> _RECORDED INFORMATION_
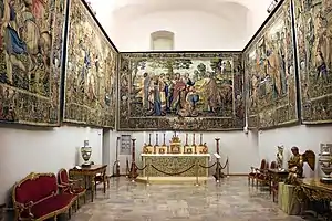 10 tapisseries flamandes en laine, fils de soie polychromes, or, argent sont conservées dans le musée. Neuf d'entre eux ont été tissées entre 1620 et 1624 à Bruxelles par Hendrik Mattens[5] d'après des cartons de Raphaël représentant des épisodes du Nouveau Testament ; les quatre vertus cardinales apparaissent dans les bords et les trois vertus théologiques dans la base. Elles ont été données au Sanctuaire par le noble génois Giovanni Battista di Niccolò Pallavicino en 1667.
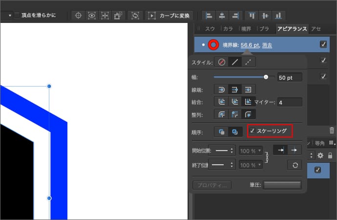 レイヤーを拡大、縮小した時に、境界線や隙間の太さも連動させる場合は、境界線の設定でスケーリングにチェックを入れます。
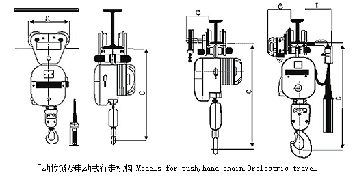 PK型葫蘆控制系統有直接控制和間接控制有兩種形式。間接控制為安全電壓,控制手柄防護等級為IP65/P54,錐轉子電機防護等級為IP65/P54。電動鏈式提升機配合各種行走機構,可在直線和平面范圍內完成物料的提升和運輸。行走軌道可以是普通工字鋼或標準軌道。
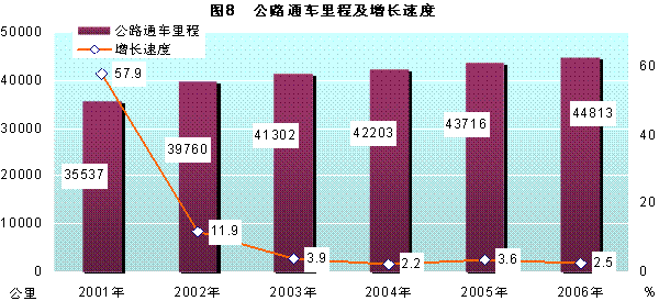 全年完成貨運量359.63萬噸,比上年下降2.7%,其中:公路運輸完成346.00萬噸,下降3.1%;鐵路運輸完成2.10萬噸;航空運輸完成1.08萬噸,增長42.8%;管道運輸完成11.4萬噸,下降3.0%。全年客運總量605.61萬人次,增長26.3%,其中:公路運輸完成444.80萬人次,增長25.1%;鐵路運輸完成27.90萬人次;航空運輸完成122.91萬人次,增長19.5%。 年末公路總通車里程44813公里,比上年增加1334公里,其中有鋪裝路面總里程1984公里,增加481公里。

> _WHAT THE TASK ASKS_
When you transcribe the lines above, keep every word exact but leave the pictures behind.

> _ANSWER SECTION_
 10 tapisseries flamandes en laine, fils de soie polychromes, or, argent sont conservées dans le musée. Neuf d'entre eux ont été tissées entre 1620 et 1624 à Bruxelles par Hendrik Mattens[5] d'après des cartons de Raphaël représentant des épisodes du Nouveau Testament ; les quatre vertus cardinales apparaissent dans les bords et les trois vertus théologiques dans la base. Elles ont été données au Sanctuaire par le noble génois Giovanni Battista di Niccolò Pallavicino en 1667.
 レイヤーを拡大、縮小した時に、境界線や隙間の太さも連動させる場合は、境界線の設定でスケーリングにチェックを入れます。
 PK型葫蘆控制系統有直接控制和間接控制有兩種形式。間接控制為安全電壓,控制手柄防護等級為IP65/P54,錐轉子電機防護等級為IP65/P54。電動鏈式提升機配合各種行走機構,可在直線和平面范圍內完成物料的提升和運輸。行走軌道可以是普通工字鋼或標準軌道。
 全年完成貨運量359.63萬噸,比上年下降2.7%,其中:公路運輸完成346.00萬噸,下降3.1%;鐵路運輸完成2.10萬噸;航空運輸完成1.08萬噸,增長42.8%;管道運輸完成11.4萬噸,下降3.0%。全年客運總量605.61萬人次,增長26.3%,其中:公路運輸完成444.80萬人次,增長25.1%;鐵路運輸完成27.90萬人次;航空運輸完成122.91萬人次,增長19.5%。 年末公路總通車里程44813公里,比上年增加1334公里,其中有鋪裝路面總里程1984公里,增加481公里。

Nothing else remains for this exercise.